Кучум: Дело говоришь. Что значит голова купеческая! И насчет лета верно мыслишь - по снегу али по грязи броневики увязнут.
Полновойтенков (с подозрением поглядывая на Фолкоффа-Бельгийского): А нечему вязнуть, батьку. Нема броневиков.
Фолкофф-Бельгийский (глядя в пол и нервно ощупывая новенькую шинель): Никак красные увели?
Беседу прерывает доносящаяся откуда-то с околицы стрельба. Дверь распахивается, и в хату влетает денщик Кучума есаул Кушнакрик в тулупе, наброшенном прямо на исподнее. В руке у есаула наган.
Кушнакрик: Батьку, беда! Весь караул постреляли!
Кучум: Красные?
Кушнакрик: Свои!
Кучум: Шо, опять перепились?
Кушнакрик: Та не, кажись, газу нанюхались…
Кучум: Недосмотрел, паршивец! Да я тебя, кота шкодливого, до смерти засеку!
Кучум хватает со стола плетку. Есаул валится на колени.
Кушнакрик: Отец родной, не погуби… Лучче я сам!
Есаул подносит наган к виску. Фолкофф-Бельгийский оценивающе глядит на его сапоги.
Выстрел.
КАРТИНА ВТОРАЯ
Околица села. Беспорядочная стрельба. Истошно вопят раненые. На пригорке залег вольноопределяющийся Гриня Умельченко, одетый в маскхалат. Ласково улыбаясь в усы, он поливает из пулемета «Льюис» все, что шевелится.
Сердобольная сестра милосердия Маша Погребенько, раскрасневшись от напряжения, тщетно пытается добить ножом смертельно раненого бойца Агапонова. Осуществить благородное намерение мешает агапоновский бронежилет. Воины похоронной команды Йомец и Пиленко в сумрачном молчании наблюдают за ее потугами.
Маша Погребенько (отдуваясь): Подмогли б, братки, стащить с его енту железяку, а?
Пиленко: Силов не хватет?
Маша Погребенько: Двух третей не достаеть!
Йомец: Чума на тебя!
Йомец и Пиленко переглядываются и поспешно ретируются. Из сугроба торчат ноги замерзающего бойца Тыворивского.
Пиленко: Берем?
Йомец: Пошшупай сперва, може еще дыхает.
Пиленко (приглядываясь): Дык он, кажись, не наш…
Йомец: Тады нам его касаться никак невозможно. Нехай самотужки выбирается.

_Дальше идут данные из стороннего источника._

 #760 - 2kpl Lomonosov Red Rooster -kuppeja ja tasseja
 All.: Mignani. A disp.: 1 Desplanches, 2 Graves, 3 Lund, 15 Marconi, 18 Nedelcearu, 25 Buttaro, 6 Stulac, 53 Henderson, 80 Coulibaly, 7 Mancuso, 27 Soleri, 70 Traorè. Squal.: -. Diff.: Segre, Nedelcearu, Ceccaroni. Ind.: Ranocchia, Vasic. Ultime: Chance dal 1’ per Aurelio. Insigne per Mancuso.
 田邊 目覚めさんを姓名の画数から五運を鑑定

Мимо воинов проносится семерка лихих кавалеристов.
Йомец: Сдается мне, дезертиры.
Пиленко: Може, дезертиры, може, разведчики. Пес их разберет.

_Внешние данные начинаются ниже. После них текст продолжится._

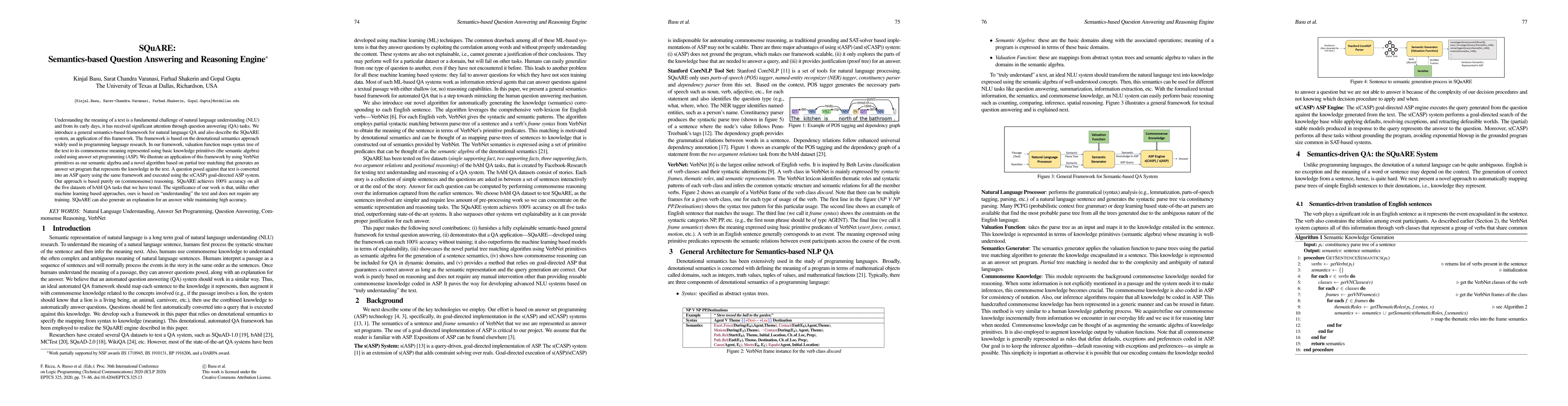 SQuARE is a semantics-based framework for natural language question answering that maps text syntax to commonsense meaning using a valuation function and answer set programming. Unlike machine learning approaches, SQuARE achieves 100% accuracy on bAbI QA tasks by purely understanding the text without training, and can generate explanations for answers.

Йомец: Нешто пальнуть в них для острастки?
Пиленко: Да кинь ты их от греха… В кажного пулять, патронов не напасешься. А ну как зачнут в ответку стрелять?
Йомец: И то верно. Нешто нам на роду написано с мертвяками возиться…
Пиленко: Так впору и самим мертвяками заделаться.
Конники на полном скаку проскакивают мост, под которым греются у костра бойцы Жмуркис и Вицеспикерчук. Мимо них проползает подстреленный боец Онопопенко.
Жмуркис (задумчиво): Мучится, болезный. Може, добить?
Вицеспикерчук: А ну его к лешему, сам дойдет.
На мост медленно заползает обоз. Как из-под земли вырастают Жмуркис и Вицеспикерчук с карабинами наперевес.
Вицеспикерчук (обращаясь к вознице): Чего везем?
Возница: Конину… Енту, пардон, баранину твому батьке. Для нужд фронту.
Жмуркис (деловито): Мандат имеется?
Возница (мрачнея): Мандат? Как не быть. (Достает из треуха засаленный четвертной билет). Эко вас контролеров-то расплодилось…
Жмуркис: Ты, это, не серчай, деревня. Не обеднеешь. У табе, небось, ентой макулатуры пруд пруди.
Возница: Дык сдавал я ужо вашей власти и макулатуру, и металлолом. Красные и то токи партвзносы брали.
Жмуркис (заинтересованно): А ты, часом, не партейный?
Возница (перекрестившись): Бог миловал.
Жмуркис: Вот и радуйся, дремучая твоя душа. С нас как батька зачнет по весне партвзносы сбирать, так никаких мандатов не хватит.
Вицеспикерчук (принюхиваясь): Господи-Иисусе, чаво ж смердит-то так от твоей баранины? Токи собак ентим и кормить!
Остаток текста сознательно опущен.